>>>

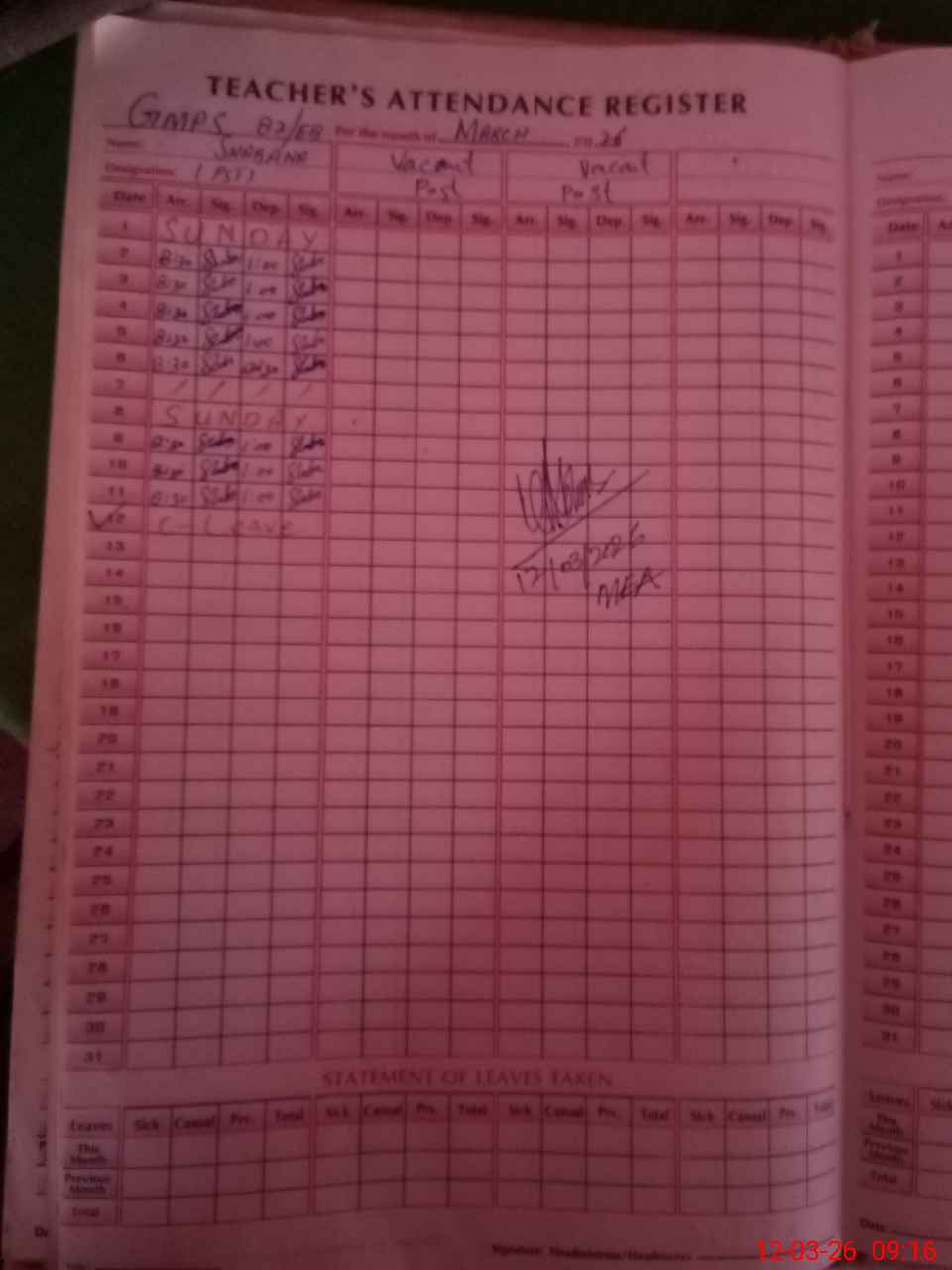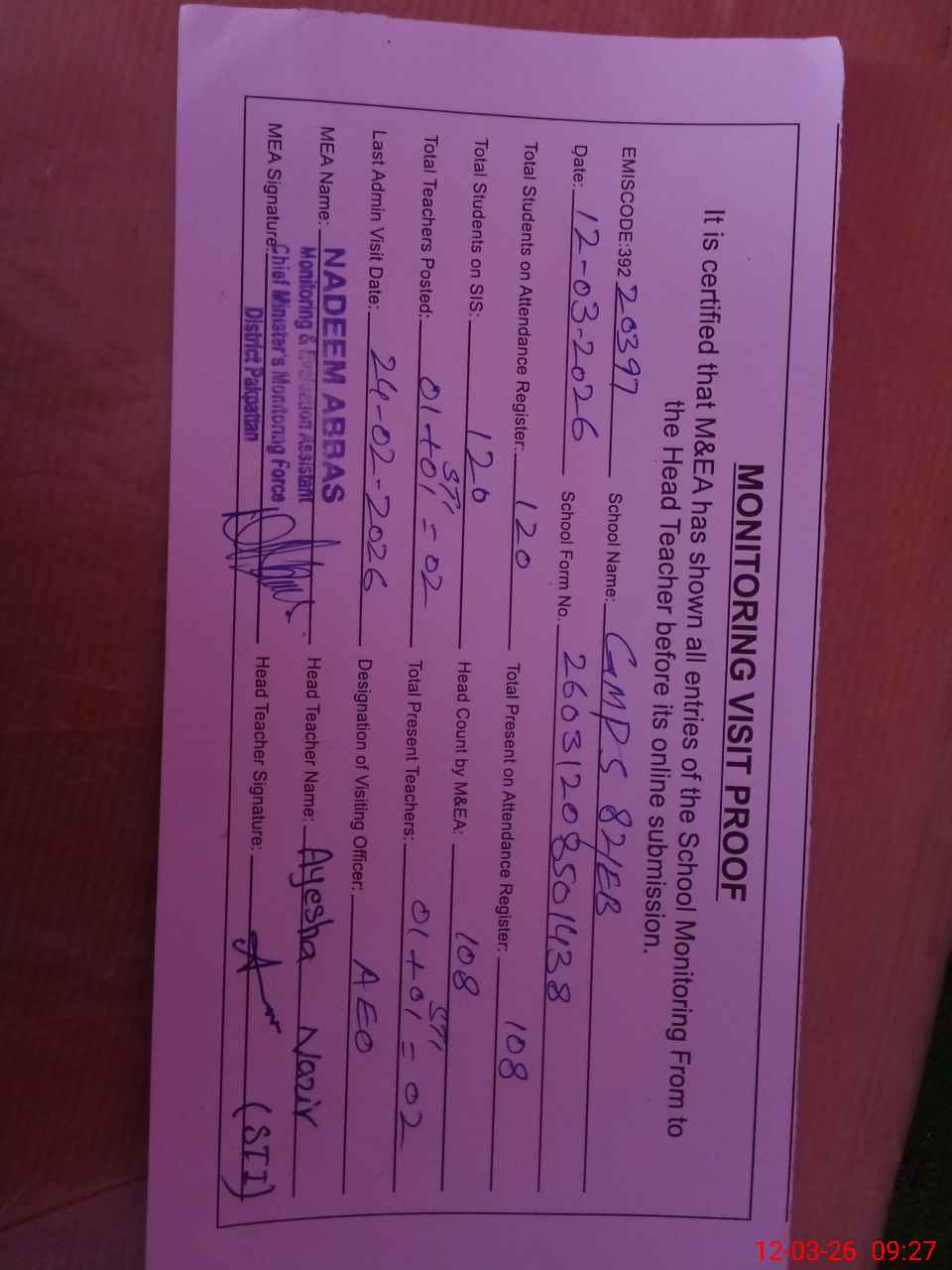 | Attendance Register | Head Teacher | MEA with School | Visit Proof |
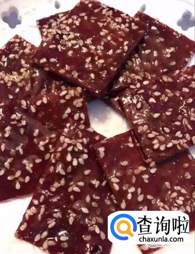 最后取出来放凉,切成块,摆入盘中,美味的猪脯肉就制作完成啦!
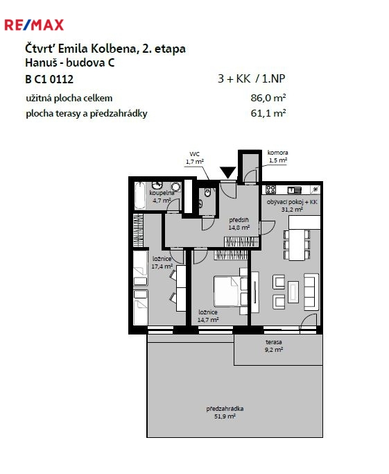 - obývací pokoj s kuchyňským koutem (31,2 m²), vstupem na terasu (9,2 m²) a předzahrádku (51,9 m²)

<<<

Your instructions —
Repeat the material above word for word and skip every image in it.

Answer for the task —
 | Attendance Register | Head Teacher | MEA with School | Visit Proof |
 最后取出来放凉,切成块,摆入盘中,美味的猪脯肉就制作完成啦!
 - obývací pokoj s kuchyňským koutem (31,2 m²), vstupem na terasu (9,2 m²) a předzahrádku (51,9 m²)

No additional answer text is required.